- The Washington Times - Saturday, May 23, 2009

NEWPORT NEWS, Va. | In Hollywood, the fight scene always begins with two guys trading punches from a respectable distance.

Cue the right cross. Rescue the girl. End scene.

But soldiers at Fort Eustis can’t summon a scriptwriter for a clean, happy ending if they end up grappling with the enemy in Iraq or Afghanistan. So, they’re getting some real-world instruction from one of the most respected family names in the art of fighting.

Instructors Rener and Ralek Gracie, of the Gracie Jiu-Jitsu Academy headquartered in California, are on post this week to teach a 30-hour combat course.

They are the sons of Rorion Gracie, creator of the popular Ultimate Fighting Championship and founder of the Modern Army Combatives Program.

The Gracie brothers spent part of Wednesday toiling inside a nondescript building with a padded floor, imparting their advice to members of the 7th Sustainment Brigade, who will return to their units and train other soldiers.

To the uninitiated, the exercise looked like guys wrestling haphazardly on the floor, interlocking arms and legs. But most fights are not stand-up confrontations, Rener Gracie said.

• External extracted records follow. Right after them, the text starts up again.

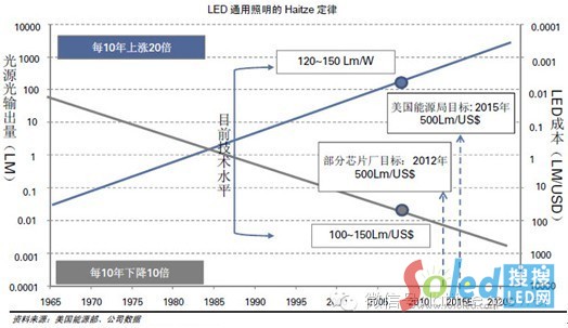 圖:LED通用照明的HAITZE定律
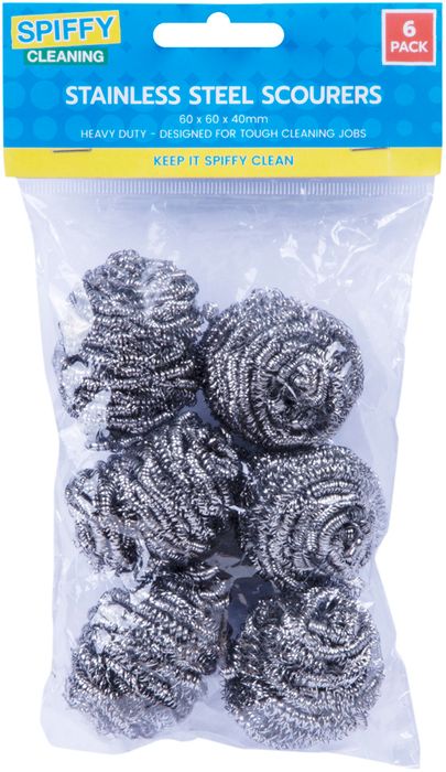 These Stainless Steel Scourers are heavy duty and designed specifically for tough cleaning jobs. Keep it Spiffy clean. 6 pack Size: 60 x 60 x 40mm
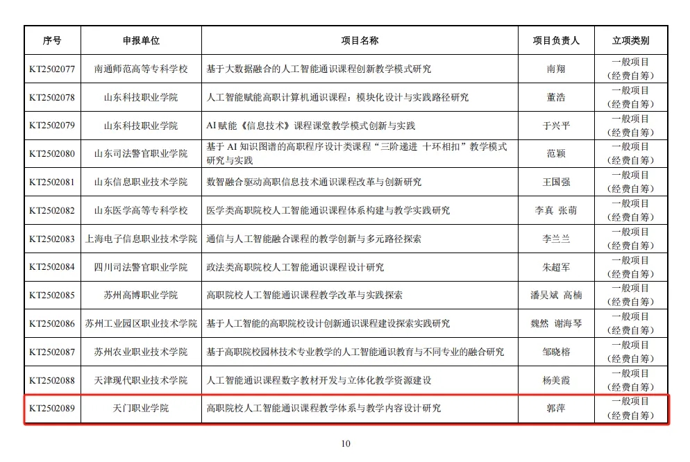 《高职院校人工智能通识课程教学体系与教学内容设计研究》(主持人:田刚)和《高职院校人工智能通识课程教学模式研究》(主持人:阳军)获批信息化教指委重点课题立项。

“Traditionally, you go in and knock someone out,” he said. “But that’s for the movies.”

More likely, he said, the two combatants will throw punches, get in close, grab each other and fall to the ground.

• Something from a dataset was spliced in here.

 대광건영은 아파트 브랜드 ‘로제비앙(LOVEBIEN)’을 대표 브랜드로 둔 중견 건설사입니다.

Normally, the stronger person ends up on top. The secret is to save your strength while your opponent exhausts his or hers, then apply a chokehold or other leverage-based technique.

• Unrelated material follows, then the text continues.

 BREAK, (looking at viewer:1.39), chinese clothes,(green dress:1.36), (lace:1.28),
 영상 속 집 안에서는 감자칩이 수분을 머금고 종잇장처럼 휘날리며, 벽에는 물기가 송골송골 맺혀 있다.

This fighting style doesn’t require brute strength or an overwhelming size advantage. And anyone can learn it.

The Gracie brothers even compartmentalized the training, studying hundreds of fights to isolate 24 of the most common moves that a soldier can use.

Chief Warrant Officer Mark Elkhill came away impressed.

The master combatant officer-in-charge for the 7th Sustainment Brigade said hand-to-hand combat in Iraq or Afghanistan probably happens more often than people think, especially when detaining suspected combatants.

“It’s not just the infantry door-kickers who are at risk,” he said. “We’re logistics. We’re transportation. But we go out on convoys. We do that supportive kind of stuff, so we’re at risk as well.”

Chief Warrant Officer Elkhill likes the idea of learning submission holds instead of trading punches.

“You can last longer with punches than you can with a submission,” he explained. “If you have a submission done on you and it breaks your elbow joint — some people can take several punches to the face and still continue.”

The uncle of the Gracie brothers is Royce Gracie, a legendary fighter on the UFC circuit. A quick check of YouTube.com turned up several clips of Royce, a well-built but slender man defeating larger opponents.

In one, he defeated a sumo wrestler who stood 6-foot-8 and weighed 486 pounds. He employed a shoulder lock that forced the larger man to give up.

The Fort Eustis soldiers are not sumo-sized, but they do wear a lot of battle gear.

Rener Gracie said the system is still effective when a soldier is fully equipped, although they must work up to practicing with it.

“With the proper angle and the right leverage,” he said, “you can do anything.”